In conclusion, based on the existing research conducted on data sharing in blockchain, the main problems are that the centralized storage as supplementary storage has the disadvantages of non-scalability, weak disaster tolerance, and high personal maintenance cost due to the limited storage capacity of blockchain. Besides, there is a lack of confidentiality protection for the data uploaded to the blockchain supplementary storage. On the other hand, the shared security access to data can be realised through access control, but it is lack of protection of confidentiality of the data itself. Therefore, in order to solve the security problems of the traditional data sharing system, this study proposes a blockchain-based data security sharing model, which discards the traditional data sharing model based on centralized servers.
2. Data Sharing and Blockchain Technology
2.1. Blockchain Technology
The essence of blockchain technology is a distributed shared database, whose data structure is a chain structure. The block data structure is shown in Figure 1. Actually, each block is divided into block head and block body, and blocks are formed by hash pointers in series with each other.

The implementation of blockchain public ledger is based on cryptography, distributed consistent protocol, peer-to-peer network, smart contract, and other technologies, which are decentralized, tamper-proof, traceable, and transparent. It is decentralized, traceable, and open and transparent. Combining blockchain technology with data sharing and distribution can effectively solve the drawbacks of centralized data sharing such as single point of failure that commonly exists, and it has a broad application prospect.
Nowadays, there are three main types of blockchains: public chains, private chains, and coalition chains. Public chains belong to a blockchain composed of public participation, which are decentralized and do not contain a single entity to control the network. However, in some blockchain application scenarios, it is not expected that all users of the system will have equal access to all data, and the blockchain structure where authenticated nodes are allowed to participate and access data is private chain. Many companies establish private chains that are partially decentralized, only a small number of nodes are selected to achieve consensus, and most of the power on the private chain is assigned to individuals. Thus, the permission chain is a type of blockchain where management is centralized within the blockchain. Coalition chains are proposed to eliminate the drawbacks of private chain and are considered a kind of blockchain in the middle of public and private chains. Coalition chains allow specific organizations and nodes to participate in consensus and are partially decentralized compared to the centralized network of private chains, where a part of the organization that chooses to join determines the consensus.

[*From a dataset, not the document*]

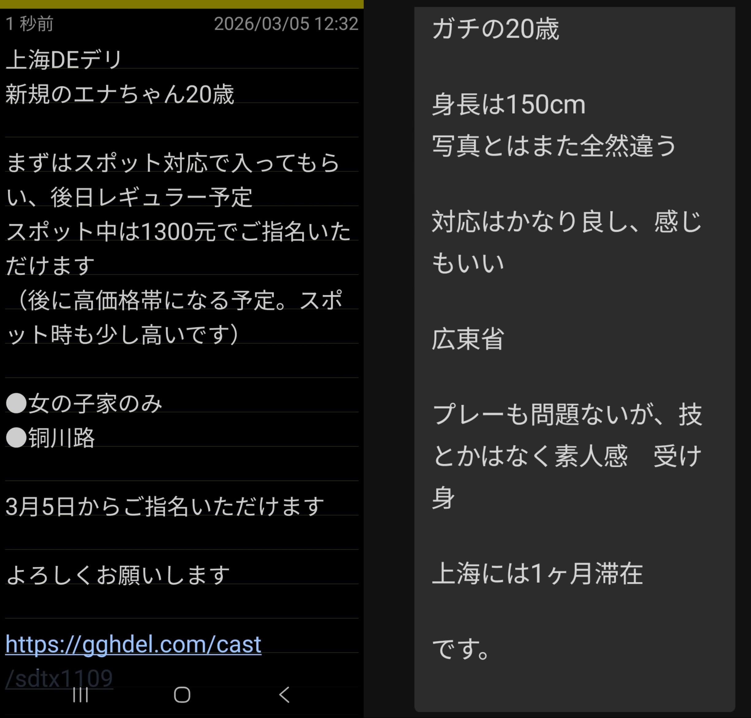 コンセプトは、普通の子/普通のサービス/普通の価格です。超極上の美女と濃厚プレイでなくても、普通に一発抜ければいい、というのが上海DEデリヘルのポイントです。

The three different types of blockchain message pairs are shown in Table 1. In terms of reaching consensus, all nodes of a public chain participate in consensus, and the consensus of an organization’s private chain is determined internally by its organization, while a coalition chain is responsible for consensus through a specific set of nodes. In terms of block information reading permission, public chains can openly view transaction information, while private chains and coalition chains can choose to restrict or open permission according to their actual application needs. In terms of efficiency, due to the large number of nodes in the public chain and the many nodes involved in consensus, it takes longer time to publish transactions and blocks, while private chains and coalition chains have limited data of participants into blocks with higher efficiency.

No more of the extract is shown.